A little character study on Agamemnon, set in the universe of Not Homer's Iliad. Affectionately subtitled, "Everybody's got issues with their dad, bitch. Let's get you some fruit."

Notes:

Hi idk if you remember me but 10 years ago I wrote a 350+ page high school AU of the Iliad called Not Homer's Iliad! And one time in like 2017 I got a comment saying Agamemnon didn't have enough depth, and like the psychologically healthy well-adjusted person I am I thought about that comment for the next 9 years. So here's a little character study for the lord of men, wide-ruling Agamemnon. Title from Iliad 1.270 (Fagles translation).

(If you haven't read Not Homer's Iliad you probably don't need much context - it's just the Iliad as a chaotic high school game of assassin and instead of committing mass murder we talk about our feelings!)

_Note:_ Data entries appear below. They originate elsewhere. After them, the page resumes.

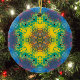 Hex Mandala Yellow Blue and Pink Ceramic Ornament
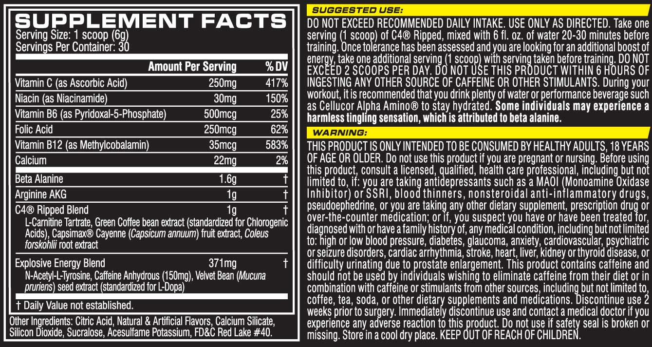 C4 Ripped Blend είναι ένας τέλεια ισορροπημένος συνδυασμός ενεργών συστατικών που χαρίζουν εκρηκτική ενέργεια και καίνε το λίπος άμεσα!
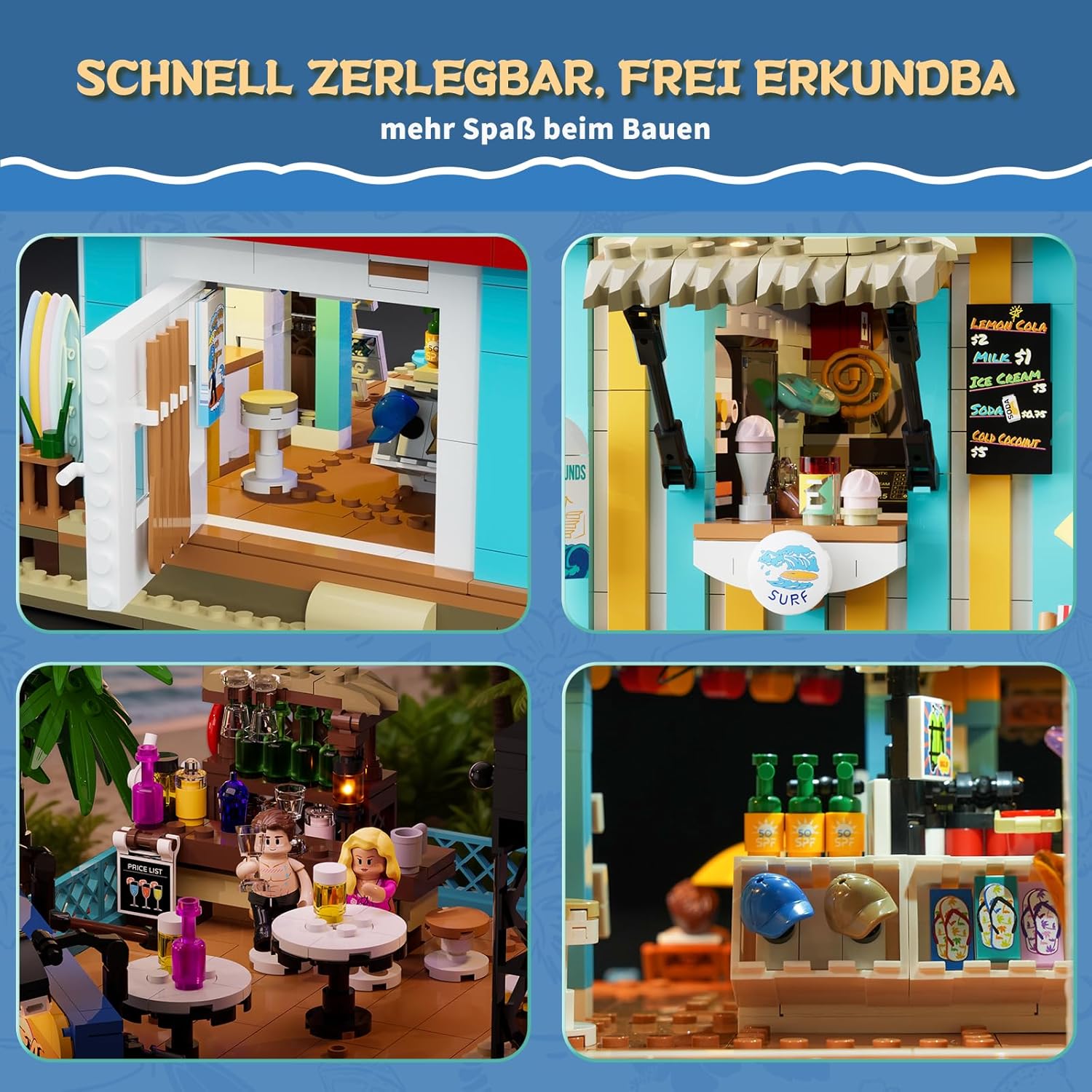 Inspiriert von einem tropischen Surfshop direkt am Meer. Helle Farben, Palmen und dieses leichte „Alles ist gut“-Gefühl sorgen sofort für echtes Küsten- und Urlaubsflair – fast so, als würdest du barfuß über warmen Sand laufen. Liebevolle Details wie ein Kreidetafel-Menü, Getränkedosen und Sonnenschirme machen die Szene richtig lebendig und geben dem Ganzen eine entspannte, realistische Atmosphäre. Kurz gesagt: ein kleines Stück Strandurlaub zum Bauen, Anschauen und einfach Abschalten
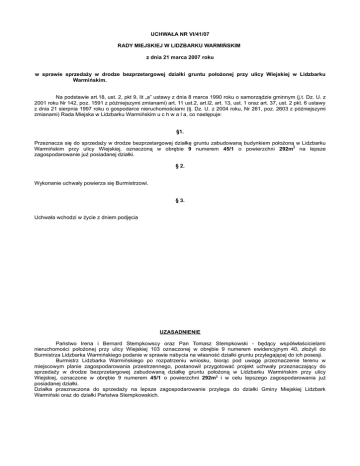 UCHWAŁA NR VI/41/07 RADY MIEJSKIEJ W LIDZBARKU WARMIŃSKIM z dnia 21 marca 2007 roku w sprawie sprzedaży w drodze bezprzetargowej działki gruntu położonej przy ulicy Wiejskiej w Lidzbarku Warmińskim. Na podstawie art.18, ust. 2, pkt 9, lit „a” ustawy z dnia 8 marca 1990 roku o samorządzie gminnym (j.t. Dz. U. z 2001 roku Nr 142, poz. 1591 z późniejszymi zmianami) art. 11 ust.2, art.l2, art. 13, ust. 1 oraz art. 37, ust. 2 pkt. 6 ustawy z dnia 21 sierpnia 1997 roku o gospodarce nieruchomościami (tj. Dz. U. z 2004 roku, Nr 261, poz. 2603 z późniejszymi zmianami) Rada Miejska w Lidzbarku Warmińskim u c h w a l a, co następuje: §1. Przeznacza się do sprzedaży w drodze bezprzetargowej działkę gruntu zabudowaną budynkiem położoną w Lidzbarku Warmińskim przy ulicy Wiejskiej, oznaczoną w obrębie 9 numerem 45/1 o powierzchni 292m2 na lepsze zagospodarowanie już posiadanej działki. § 2. Wykonanie uchwały powierza się Burmistrzowi. § 3. Uchwała wchodzi w życie z dniem podjęcia UZASADNIENIE Państwo Irena i Bernard Stempkowscy oraz Pan Tomasz Stempkowski - będący współwłaścicielami nieruchomości położonej przy ulicy Wiejskiej 103 oznaczonej w obrębie 9 numerem ewidencyjnym 40, złożyli do Burmistrza Lidzbarka Warmińskiego podanie w sprawie nabycia na własność działki gruntu przylegającej do ich posesji. Burmistrz Lidzbarka Warmińskiego po rozpatrzeniu wniosku, biorąc pod uwagę przeznaczenie terenu w miejscowym planie zagospodarowania przestrzennego, postanowił przygotować projekt uchwały przeznaczający do sprzedaży w drodze bezprzetargowej zabudowaną działkę gruntu położoną w Lidzbarku Warmińskim przy ulicy Wiejskiej, oznaczone w obrębie 9 numerem 45/1 o powierzchni 292m2 i w celu lepszego zagospodarowania już posiadanej działki. Działka przeznaczona do sprzedaży na lepsze zagospodarowanie przylega do działki Gminy Miejskiej Lidzbark Warmiński oraz do działki Państwa Stempkowskich.
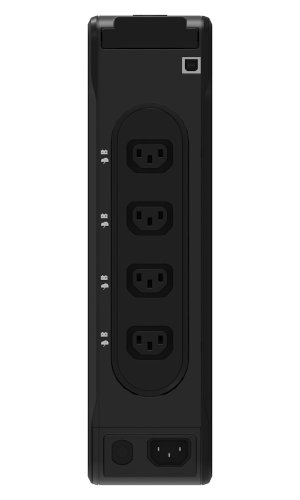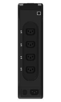 Zdroj je vybaven 4 zásuvkami s ochranou proti přepětí a záložním napájením a 4 zásuvkami pouze s ochranou proti přepětí dle mezinárodních norem IEC. Díky elegantnímu a kompaktnímu designu se zdroj hodí do jakéhokoliv prostředí - můžete jej umístit horizontálně, vertikálně nebo s volitelným příslušenstvím i na stěnu či do racku.
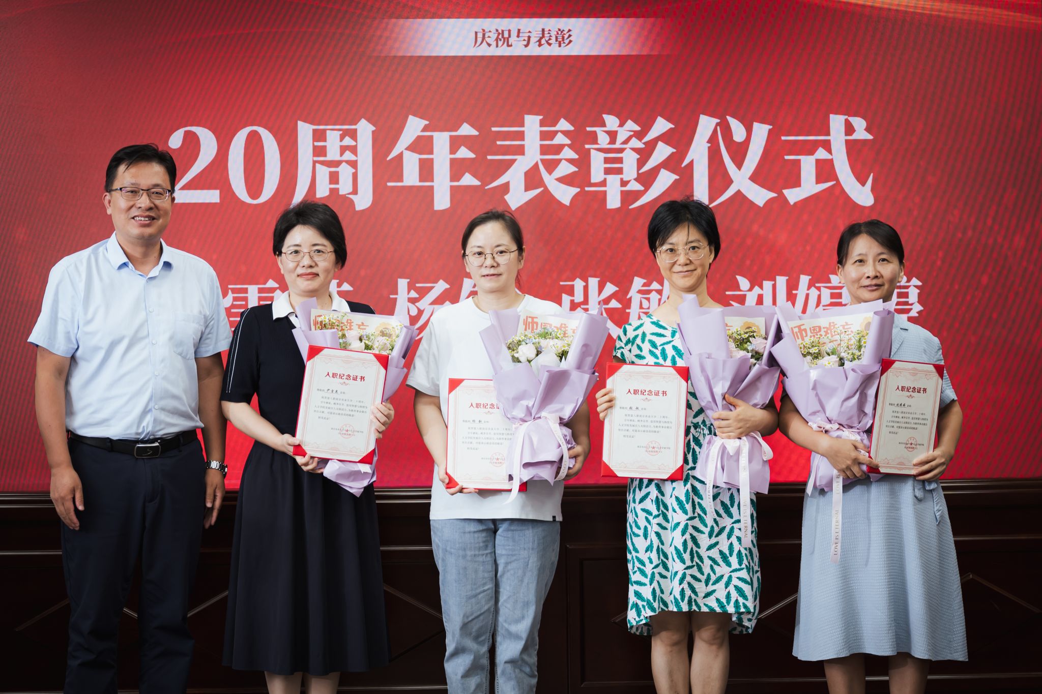 20周年表彰教师(从左至右):尹雪英 杨钦 张敏 刘婷婷

(See the end of the work for more notes.)

Work Text:

The thing Agamemnon knows about himself, that he will never admit to anyone else, is that he is not brave.

He pretends to be. Pretends well, actually. In the hallways, he stares down the rabble of Ilium High until they part before him like the Red Sea, and then he strides across the linoleum loudly discussing his latest record on the erg or the 99 Mr. Archimedes gave him on last week’s physics exam but changed to a 100 after he pointed out a mistake in one of the questions. He slams through blocking dummies in football practice like they’re made of cardboard, not nylon. He rules their lunch table with an iron fist.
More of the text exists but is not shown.